= Israeli antisemitic cartoons contest =

Graphic arts contest

The Israeli Anti-Semitic Cartoons Contest (Hebrew: תחרות קריקטורות אנטישמיות ישראלית) was a cartoon contest initiated by two Israeli artists in response to the Muhammad cartoons controversy and the subsequent Holocaust cartoon competition by the Iranian newspaper Hamshahri. Illustrator Amitai Sandy announced the contest on the website of his Tel Aviv-based graphic arts company on February 14, 2006, stating, "We'll show the world we can do the best, sharpest, most offensive Jew hating cartoons ever published! No Iranian will beat us on our home turf!"

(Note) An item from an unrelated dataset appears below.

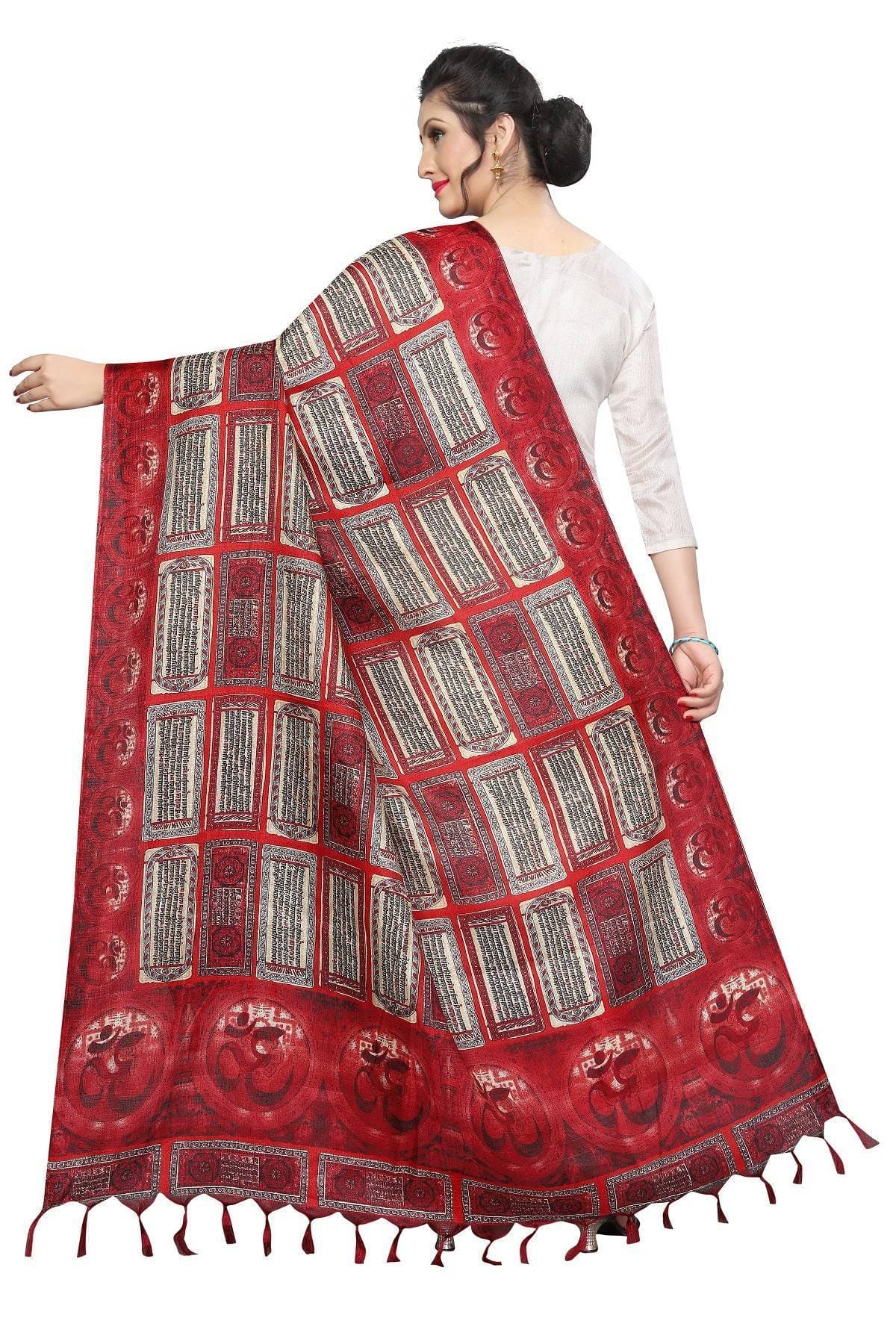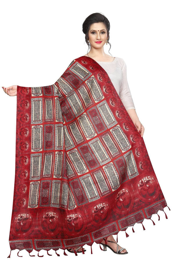 Vamika Traditional Red Printed Khadi Bhagalpuri Dupatta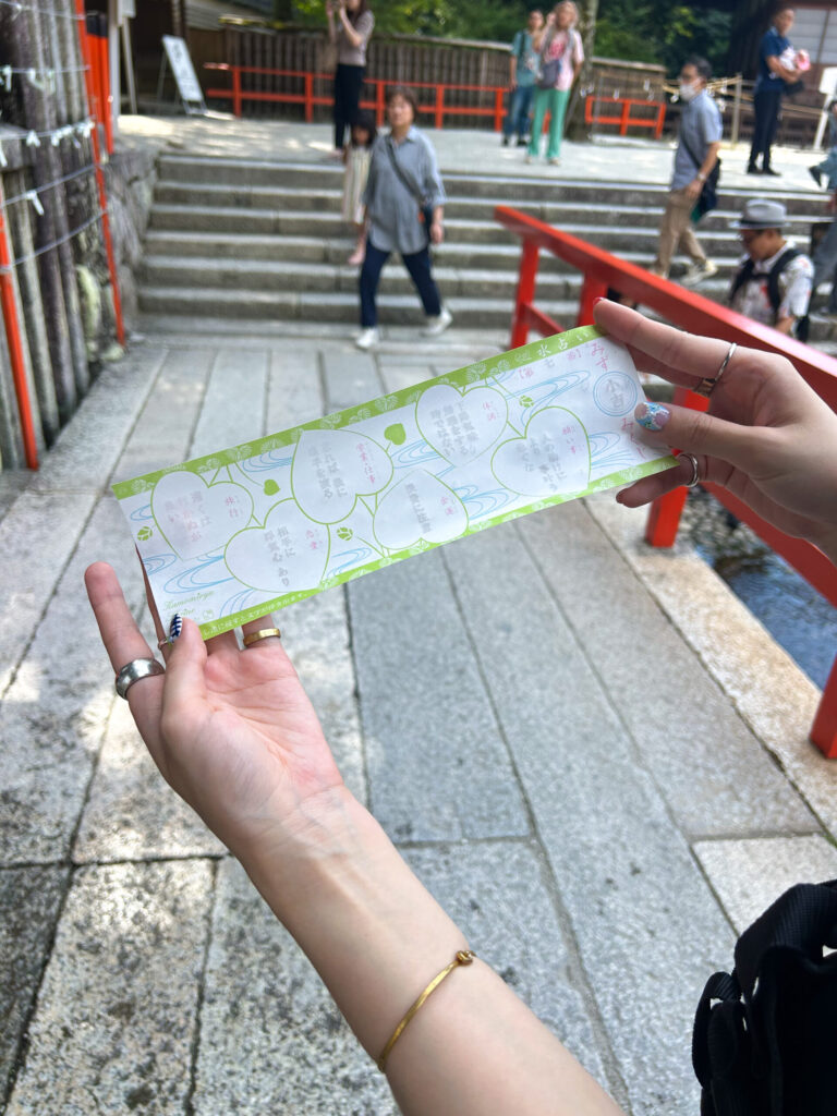 見てみると小吉でした。みずみくじは、文字が浮かび出るまでの過程が楽しめるのが特徴ですね。

The Jerusalem Post reported Sandy as saying that his intention was to challenge bigotry by using humour. According to Haaretz, within three days of the announcement of the contest, Sandy was interviewed by more than thirty daily newspapers, as well as two television channels and a radio program broadcast on 450 local stations in the United States.

On April 6, 2006, the winner was announced on the contest homepage: "Fiddler on the Roof". It depicted a fiddler on the Brooklyn Bridge during the September 11 attacks on the World Trade Center.

Other common themes through the cartoons included world domination, the myth of Jews having horns, the Holocaust (and its denial), and the blood libel, all of which were familiar staples or topics of antisemitism. Many of those staples were canards as well.